Let’s look at some real numbers. Brazil has over 170 million internet users. Germany has one of the highest rates of SaaS adoption in Europe. Japan’s software market is worth hundreds of billions of yen and is still growing. Poland has a very active tech startup and SMB ecosystem that actively adopts foreign SaaS tools.

In all of these countries, English proficiency varies. In Germany and the Netherlands, English fluency is relatively high. In Brazil, Japan, and France, it’s significantly lower. A Brazilian small business owner signing up for your invoicing tool probably knows basic English but will struggle with technical product language. A Japanese user who found your analytics tool might understand the numbers fine but get completely lost in the onboarding copy.

These are paying customers you can reach.

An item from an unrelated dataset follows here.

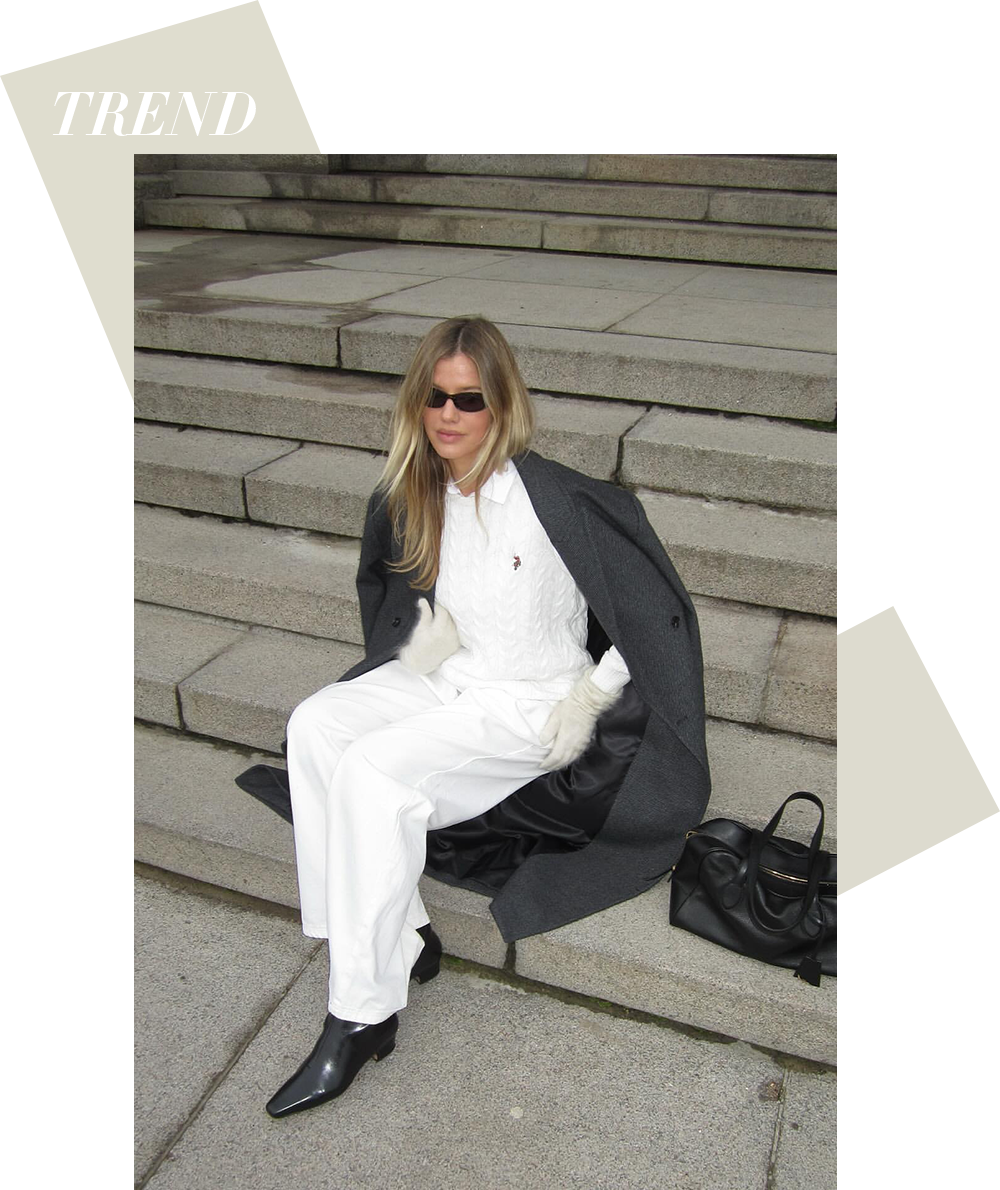 白色像踏雪时的空气、灰色像阴天的海、米色像窗台上还未凉透的奶茶,它们之间有种天然的互相成全,哪怕只是把其中一种大面积穿在身上,也能立刻获得一种视觉上的清透。

They want your product. They found you. They just need to be able to use it.

What improving multilingual onboarding actually does to your metrics

When users can read onboarding content in their own language, a few things happen in sequence.

First, completion rates go up. They finish the steps because they understand what each step is asking them to do. Second, time-to-value drops. They get to the “aha moment” — the moment when the product proves its worth — faster. Third, they’re more likely to come back. A user who successfully completed onboarding and understood what they were doing is far more likely to log in again than someone who half-finished and wasn’t sure what they’d even done.

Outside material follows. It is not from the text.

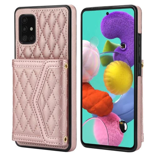 Estuche para Teléfono Samsung Galaxy A51 5G con Bolsa para Tarjetas Textura Rómbica y Cordón Largo (Oro Rosa)

And from an SEO and growth perspective, there’s another effect. Users who actually engage with your product are more likely to share it, recommend it, or leave a review. Reviews and word-of-mouth from non-English speaking markets are often completely missed by teams because they never got those users to a point of success in the first place.

How to actually fix this without rebuilding everything

The most practical solution for most online products and marketing sites is to start with the public-facing parts first — the landing page, the sign-up flow, and the first-login experience. These are the pages with the highest drop-off risk, and they’re also the easiest to translate without touching your core app code.

This is exactly whereTranslate.jsfits in. You add one line of code to your site, choose which languages you want to support, and the tool handles translation automatically across your pages. You can pick the design of the language switcher, set custom colors to match your brand, and edit any translation manually if you want to adjust the wording for a specific market.

On the SEO side, it also handles hreflang tags, translated meta titles, meta descriptions, and canonical tags automatically — so Google can properly index your content in multiple languages and route the right users to the right version of your page.

For WordPress-based marketing sites or documentation pages, there’s a published WordPress plugin that handles the setup without any code at all.

You don’t need to translate your entire app on day one. Start with the onboarding flow, the sign-up pages, and the first-login screen. That’s where users are most vulnerable to dropping off, and that’s where a translated experience will have the biggest immediate impact on your activation rates.

The real cost of doing nothing

Every month you run an English-only onboarding, you’re losing users you already paid to acquire. They clicked the ad, they found the organic result, they went through the sign-up form. The acquisition cost was spent. And then they left because they didn’t understand what to do next.

That’s not a traffic problem. That’s not a product problem. That’s a language problem, and it has a straightforward fix.